• OlegSmirnov
• PortingTimbaTo64bit
• Timba64BitPerformance

Performance

To compare 32-bit vs. 64-bit vs. -fPIC performance, I have run the DMI/test/ncperf -a benchmark on birch (32-bit) and cedar (64-bit) machines. Here are the results (units are ops per CPU second). For reference, I have included the lofar10 numbers as well (Athlon X2 4400+, 32 bit mode):

• benchmark	32 bit	64 bit	64 bit w/-fPIC		lofar10
  HIID2S	435117	747000	573913		482609
  S2HIID	199333	337000	304333		231000
  RSINIT	1673333	2563333	2536667		2023333
  RSSCAN	10106667	9946667	9666667		11006667
  RBINIT	506536	653595	629139		664452
  RBSCAN	4515050	3650000	3604651		5733333
  R3INIT	70304	104412	94554		87880
  R3SCAN	109850	175760	157136		127615
  R3AFIX	343667	588963	490970		429000
  R3RFIX	356667	600000	519000		442809
  R1SCAN	302326	467320	404636		359211
  R1AFIX	749833	1288294	988333		961204
  R1RFIX	830333	1356333	1148667		1022667
  ADSM1M	983	663	987		1090
  ADSA1M	81	120	119		91
  ADSI1M	997	1003	997		1096
  ADAM1M	47	73	74		81
  ADAA1M	29.5082	50	50		54
  ADAI1M	47	75	75		81
  ADAA25M	1.2012	2.14067	2.14724		2.18750
  ADAI25M	1.88679	3.03951	2.99003		3.19489

The benchmark desciptions are as follows:

• HIID2S: convert HIIDs to strings 
  S2HIID: convert strings to HIIDs
  RSINIT: init 3-element record
  RSSCAN: access 3-element record
  RBINIT: init 10000-element record
  RBSCAN: access 10000-element record
  R3INIT: init nested record of 26x26x26 scalar integer fields (fps)
  R3SCAN: sequential scan of 26x26x26 record (fps)
  R3AFIX: assigning to fixed field of 3-nested record (fps)
  R3RFIX: reading fixed field of 3-nested record (fps)
  R1SCAN: sequential scan of 26-field record (fps)
  R1AFIX: assigning to fixed field of record (fps)
  R1RFIX: reading fixed field of record (fps)
  ADSM1M: sum of 1000x1000 doubles, via Matrix(i,j) (ops)
  ADSA1M: sum of 1000x1000 doubles, via sum() (ops)
  ADSI1M: sum of 1000x1000 doubles, via NCIter (ops)
  ADSH1M: sum of 1000x1000 doubles, via hooks (ops)
  ADAM1M: addition of 1000x1000 doubles, via Matrix(i,j) (ops)
  ADAA1M: addition of 1000x1000 doubles, via array math (ops)
  ADAI1M: addition of 1000x1000 doubles, via NCIters (ops)
  ADAH1M: addition of 1000x1000 doubles, via hooks (ops)
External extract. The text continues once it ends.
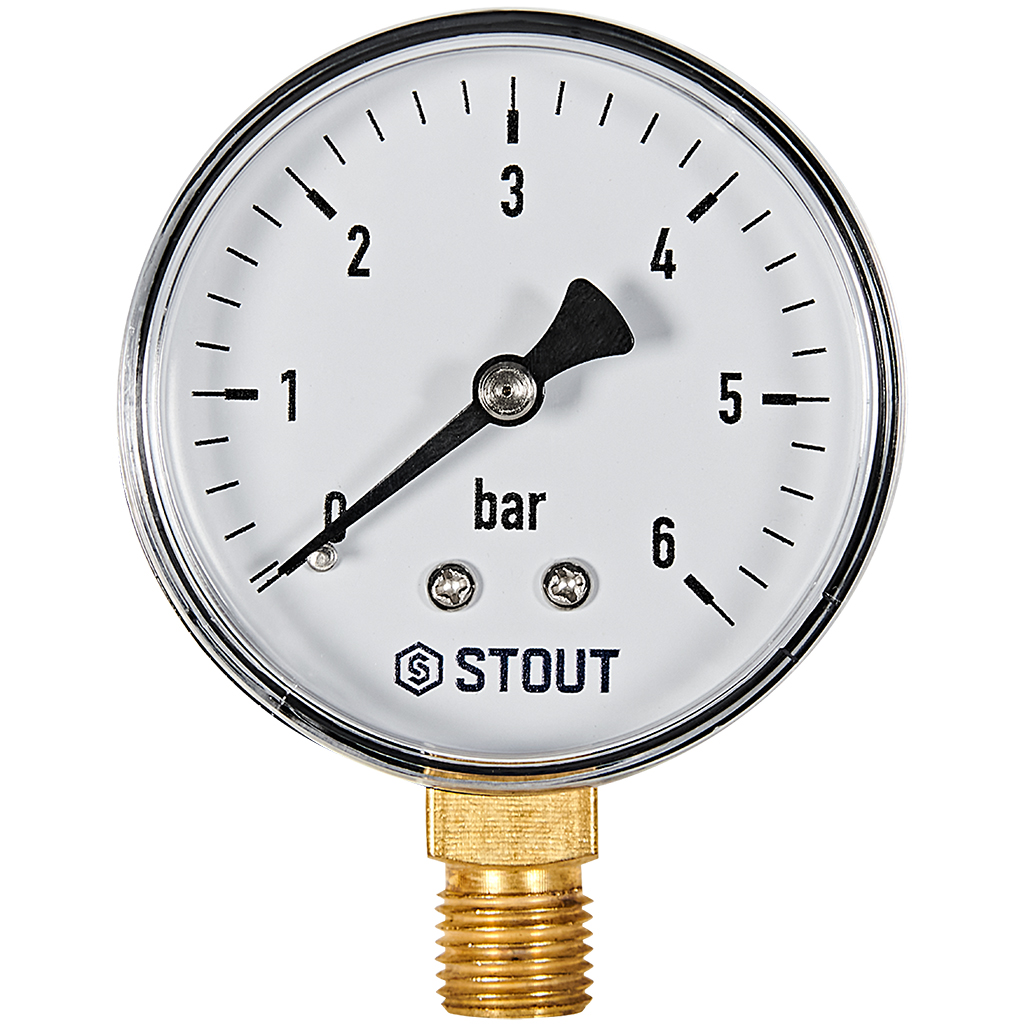 Манометр радиальный Stout 0-6 бар, диаметр корпуса 63 мм, подключение 1/4" трубная резьба используется для измерения давления в системах отопления и водоснабжения.
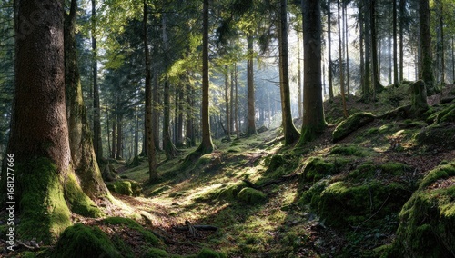 © Rindi, Fototapeta premium Sunlight streams through a mossy forest (2)

Conclusion: impact of -fPIC on DMI ops is up to 10%. 64-bit code is up to 30~40% faster on some DMI benchmarks, with a few exceptions.

Here's some Vells math benchmarks from MEQ/test/vellsperf:

• benchmark	32 bit	64 bit	64 bit w/-fPIC	lofar10
  SEXPSC	7132107	5205000	5256187	7787000
  SEXPSV	340199	448667	491333	390000
  SEXPVV	6266667	6033333	5960265	6900000
  SEXPV1	6266667	5980066	5933333	6854305
  SEXPVM	4901961	4576659	4504505	5952381
  SUM_V1	93400000	117466667	116500000	102374582
  SUM_1V	89300000	113966667	114347826	98903654
  SUMV1V	22727273	26229508	25641026	33003300
  SUM_MM	18348624	25316456	24615385	29032258

  SEXPSC: sum of exp(complex scalar) 
  SEXPSV: sum of exp(complex scalar vells)
  SEXPVV: sum of exp(vector vells)
  SEXPV1: sum of exp(1xN vector vells)
  SEXPVM: sum of exp(matrix vells)
  SUM_V1: sum of vector vells
  SUM_1V: sum of 1xN vector vells
  SUMV1V: sum of vector and 1xN vector vells
  SUM_MM: sum of matrix vells

Conclusion: impact of -fPIC on Vells math is minimal. Vector benchmarks are slightly slower on 64 bits, but all matrix ops are faster. We could consider building everything with -fPIC. It's hard to predict the impact on an actual tree, we'll need to build a full system to measure this.